The choice of solubilization method can impact structural outcomes, as evidenced by comparisons between natively purified and overexpressed proteins . When working with overexpressed proteins, additional factors such as chemical crosslinking or mutations may contribute to structural alterations .

For cryo-EM studies specifically, detergent concentration must be carefully optimized to avoid interference with particle visualization while maintaining protein stability. The consistency of structural features across different solubilization methods (DDM vs. GDN) provides strong validation of the nautilus-like configuration as representing the native state .

What are the promising areas for future research on HflK?

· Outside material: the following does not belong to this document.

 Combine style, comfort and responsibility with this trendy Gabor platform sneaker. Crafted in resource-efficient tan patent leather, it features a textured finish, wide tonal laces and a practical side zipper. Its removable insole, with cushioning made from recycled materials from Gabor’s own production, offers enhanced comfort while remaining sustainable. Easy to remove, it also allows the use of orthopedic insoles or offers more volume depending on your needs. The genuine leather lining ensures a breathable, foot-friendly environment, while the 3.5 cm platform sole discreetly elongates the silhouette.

Several promising research directions emerge from recent structural and functional studies of HflK:

• Substrate selectivity mechanisms: Investigate how HflK/C enhances degradation of certain membrane proteins while potentially protecting others . This would involve targeted studies of identified substrates like DadA, PspC, SecY, and YlaC to determine recognition features.

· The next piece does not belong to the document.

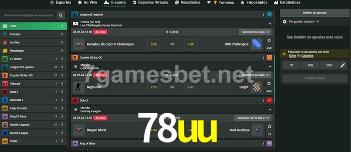 O 78uu oferece uma grande seleção de opções de apostas em e-sports com probabilidades competitivas

• Dynamic structural transitions: Explore potential conformational changes in the nautilus-like assembly during substrate recruitment and processing . Time-resolved cryo-EM or molecular dynamics simulations could provide insights into these dynamics.

• Membrane remodeling function: Further characterize the membrane curvature induced by HflK/C and its relationship to lipid scramblase activity . This phenomenon may represent a previously unrecognized function of this protein complex.

• Evolutionary conservation: Examine structural and functional conservation of HflK/C complexes across bacterial species and in eukaryotic organelles . This comparative approach could reveal fundamental principles of membrane protein quality control.

• Therapeutic targeting: Explore the potential of HflK/C as a target for antibacterial development, given its important role in protein quality control. Disruption of the FtsH- HflK/C interaction could represent a novel antibacterial strategy.

These research directions would benefit from integration of structural biology, proteomics, and functional genetics approaches to comprehensively understand HflK/C biology.